DATA FOR THIS EXERCISE section start

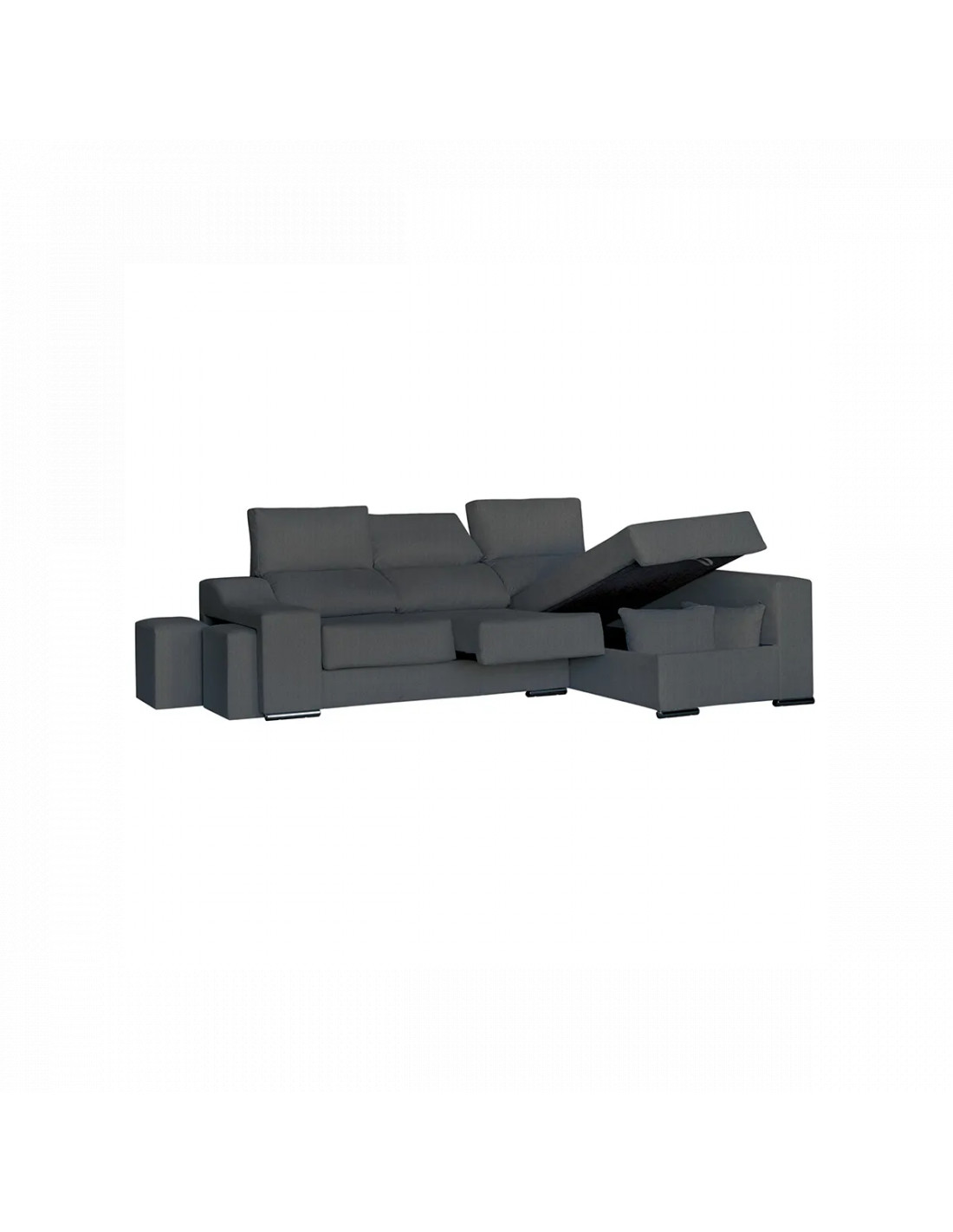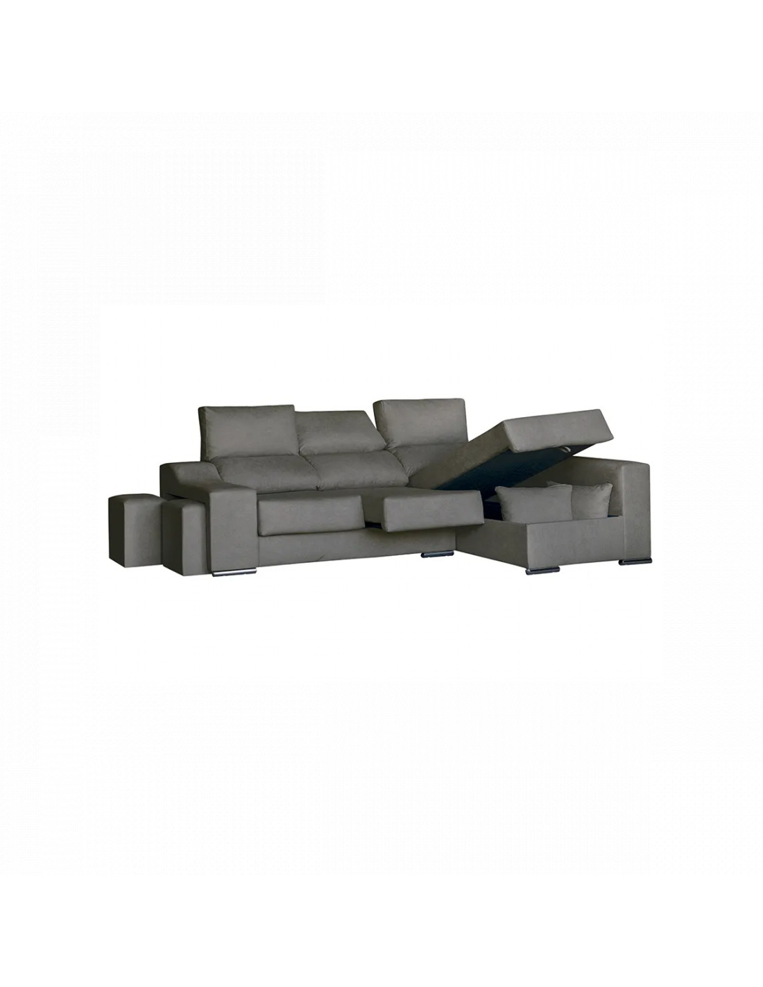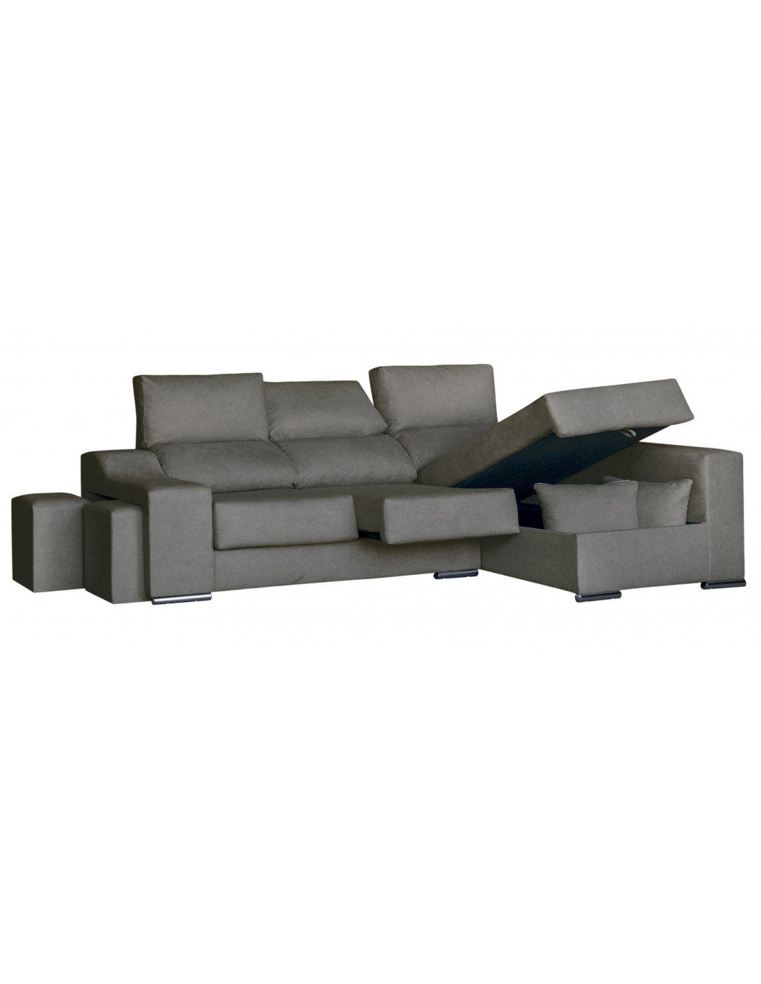 La chaiselongue derecha Málaga es un modelo de 255cm. Tiene arcón en el módulo chaisleongue, dos pouff, respaldos reclinables y asientos extraíbles. Disponible en tapizado beige y gris antimanchas
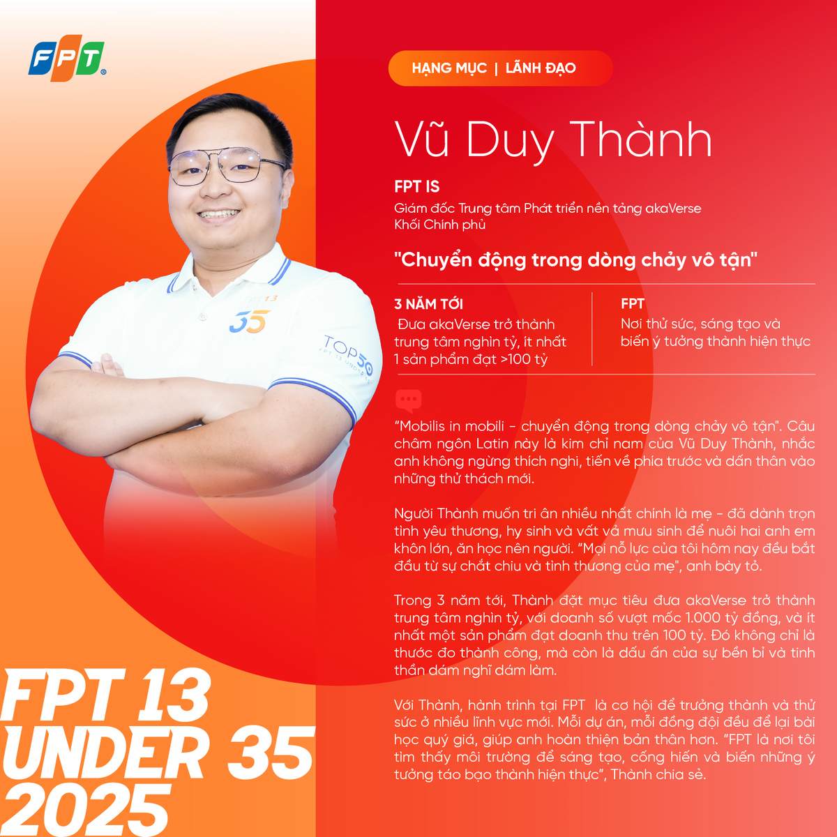 Thứ ba, 26/8/2025 | 09:35 GMT+7Giám đốc akaVerse đặt mục tiêu nghìn tỷ cho trung tâm trong 3 năm tới. Với anh, FPT như một dòng chảy sáng tạo bất tận để thử thách và bứt phá.
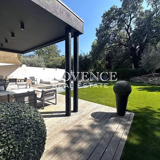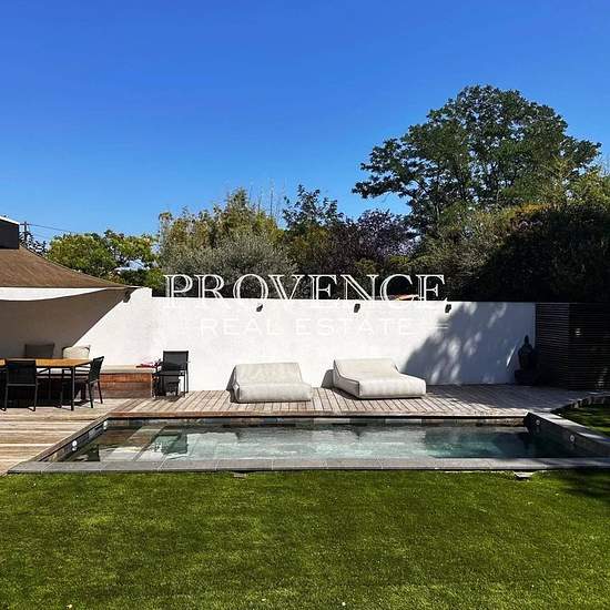 LOCATION MEUBLEE d'une très belle villa contemporaine d'environ 160 m² située dans un lieu calme et à l'abri des regards. Sa distribution optimisée vous séduira par son bel espace de vie plein sud avec cuisine US entièrement équipée ouverts par de larges baies à galandage sur le jardin paysagé et la piscine, une suite parentale avec salle d'eau et WC qui offrent un espace intime et fonctionnel, deux autres chambres avec rangements, une salle de bains, un vaste open-space permettant une utilisation spécifique en fonction de vos besoins (salle...
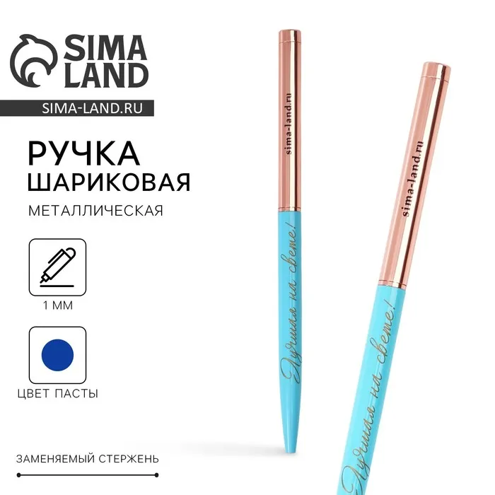 Ручка шариковая, синяя паста, 1.0 мм, металлическая с поворотным механизмом «Лучшая на свете!» — Характеристики
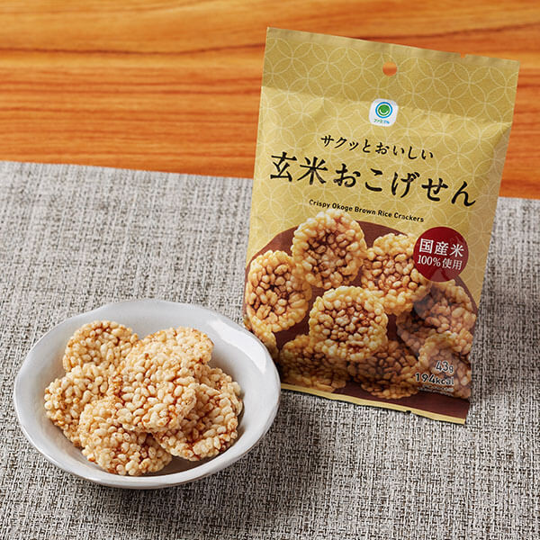 丸粒のお米を使用したおこげならではのサクサク食感と醤油の香ばしさがやみつきになります。玄米が入っているのも何だか嬉しい。
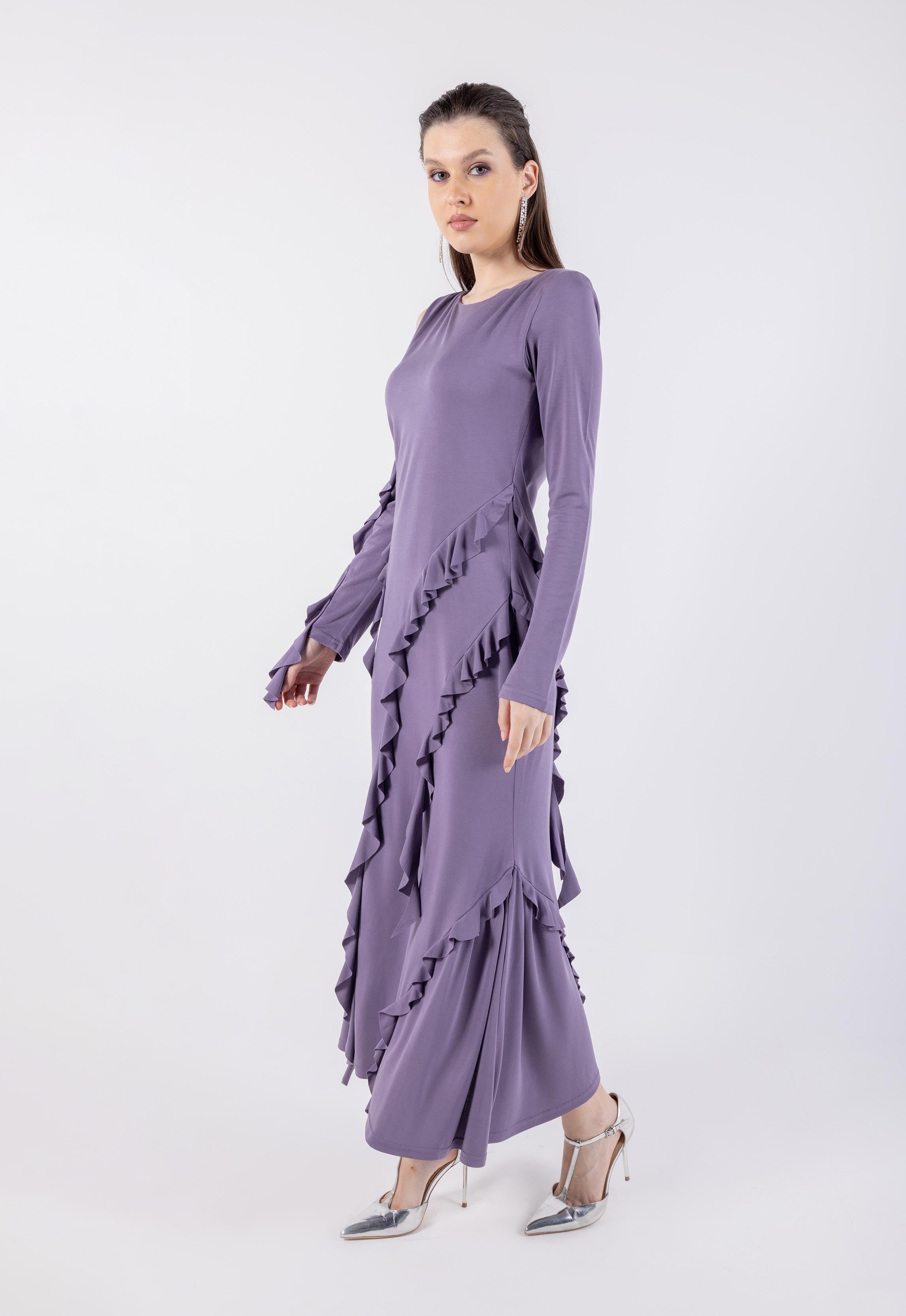 Off-Shoulder Solid Ruffled Dress\سف هداس ةشكشكب فاتكأب ة

DATA FOR THIS EXERCISE section end

▸ **EXERCISE DESCRIPTION**
Nothing but the lines from the one containing "Ручка шариковая, синяя" through the final line of the entries above should be given again, each exactly as written; omit the pictures.

▸ **ANSWER TO THIS TASK**
 Ручка шариковая, синяя паста, 1.0 мм, металлическая с поворотным механизмом «Лучшая на свете!» — Характеристики
 丸粒のお米を使用したおこげならではのサクサク食感と醤油の香ばしさがやみつきになります。玄米が入っているのも何だか嬉しい。
 Off-Shoulder Solid Ruffled Dress\سف هداس ةشكشكب فاتكأب ة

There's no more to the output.